Introduction

Fishing with a downrigger allows for anglers to fish at very specific depths, and is popular with large comercial party boats on the lake. It can be equally effective for the recreational fishermen.

What is downrigging?

Downrigging involves fishing from a slow moving boat, using a heavy weight on a seperate line to get your fly or lure down to where the fish are. It has the benefit of allowing anglers to fish with light tackle, and alter the depth they are fishing very quickly and easily.

Basic tackle

Here is a check list of basic tackle you will need, and local tackle shops are great at getting you set up well to get you started. Be sure to visit them before you start fishing to get the latest advice.

Rod and line

The ideal choice for trolling would be a 2m boat rod with a soft tip, paired with an overhead reel.

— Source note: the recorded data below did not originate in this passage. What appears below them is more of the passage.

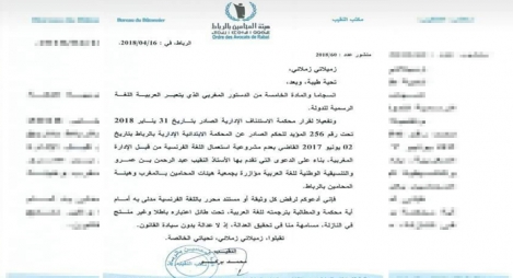 اعتبرت نقابة المحامين بهيئة الرباط، أن جميع الوثائق والمستندات المحررة باللغة الفرنسية غير شرعية وغير قانونية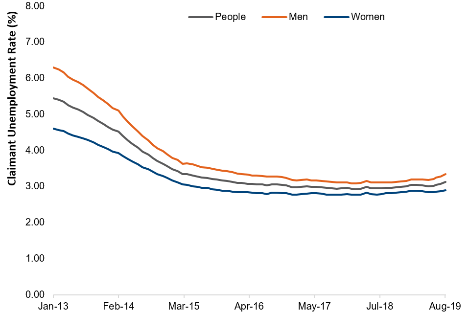 The claimant unemployment rate (as a proportion of the population aged 16 to 64) in August 2019 was 3.1%.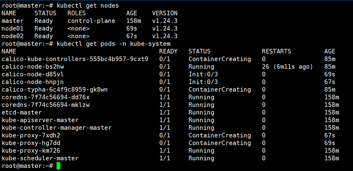 等网络配置完成后,STATUS状态由NotReady变更为Ready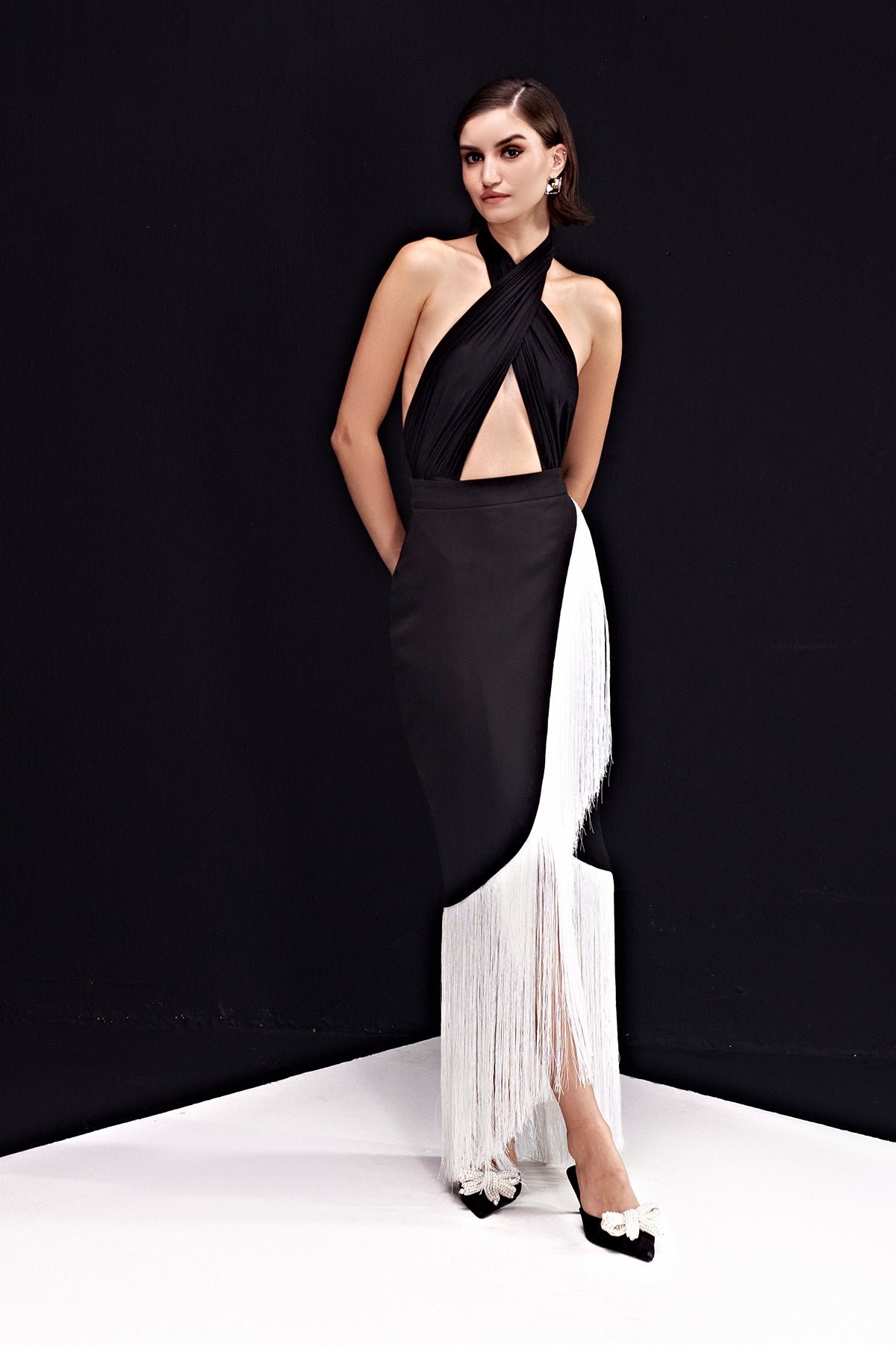 Featuring The Black Block Ivory Fringe Tassel Skirt With Cross-Neck Body Suit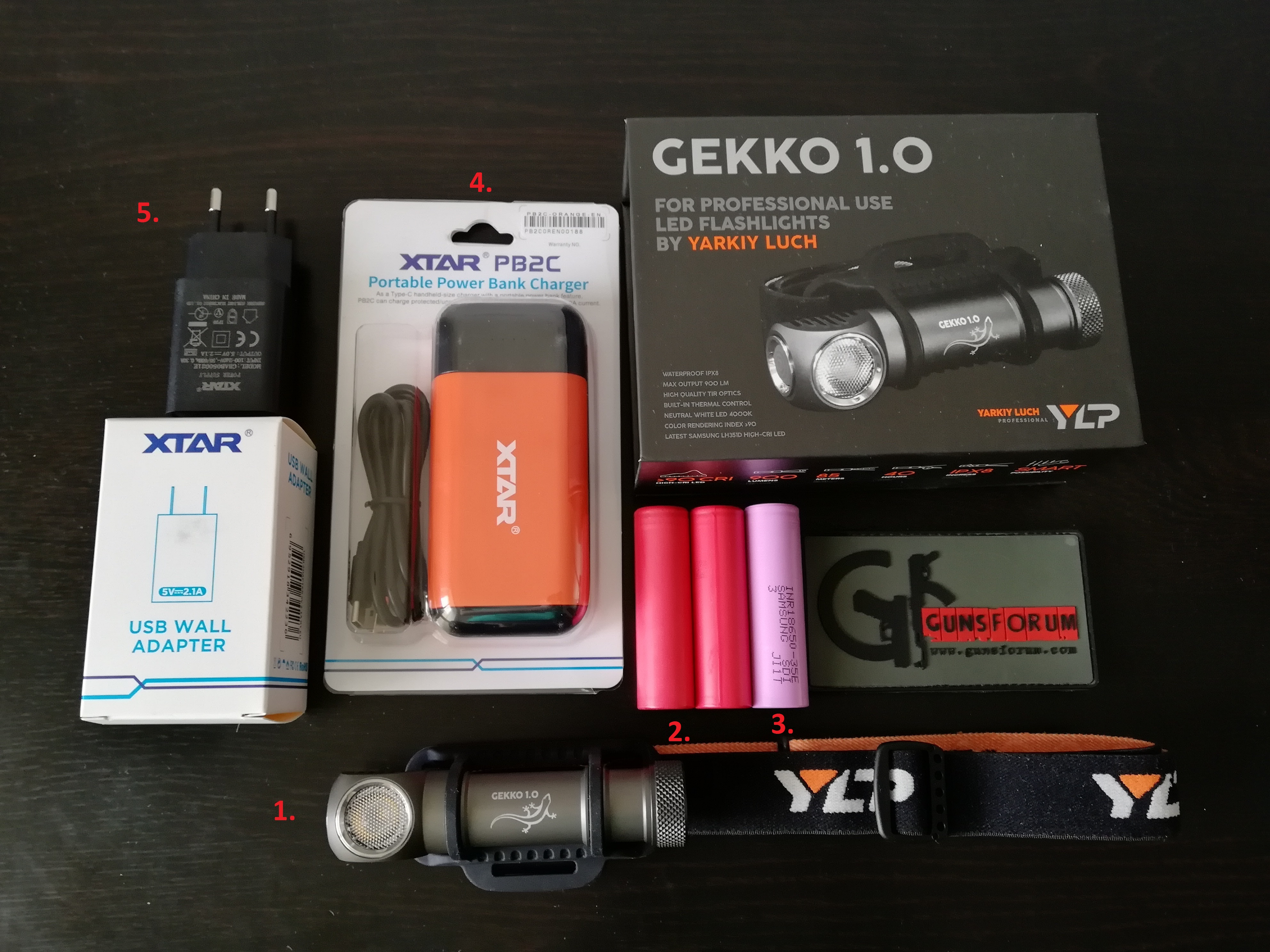 1) Налобный фонарь: YLP Gekko 1.0

The reel should contain at least 200m of 4-6kg monofilament,

How to fish

Downrigging is an excellent way to target shallow drop-offs and edges of weed beds, as well as targeting fish on deeper reefs and drop-offs, and a fish finder is a great help.
As with trolling, the boat should move no faster than a walking pace (1.5-2 knots), and gentle turns can help provide extra action to the fly or lure.

Flies and lures

Lures that work well include toby's, tasmanian devils and cobras, and be sure to check with you local tackle shop as to what the hot colours are!
You can also fish a fly rigged on a dropper above the lure, and most smelt flies work well, as well as woolly buggers and rabbit flies in sizes 4-10. Favourites include ginger mick, jack sprat, silicone smelt, and grey ghost, all of which you can find at local tackle shops.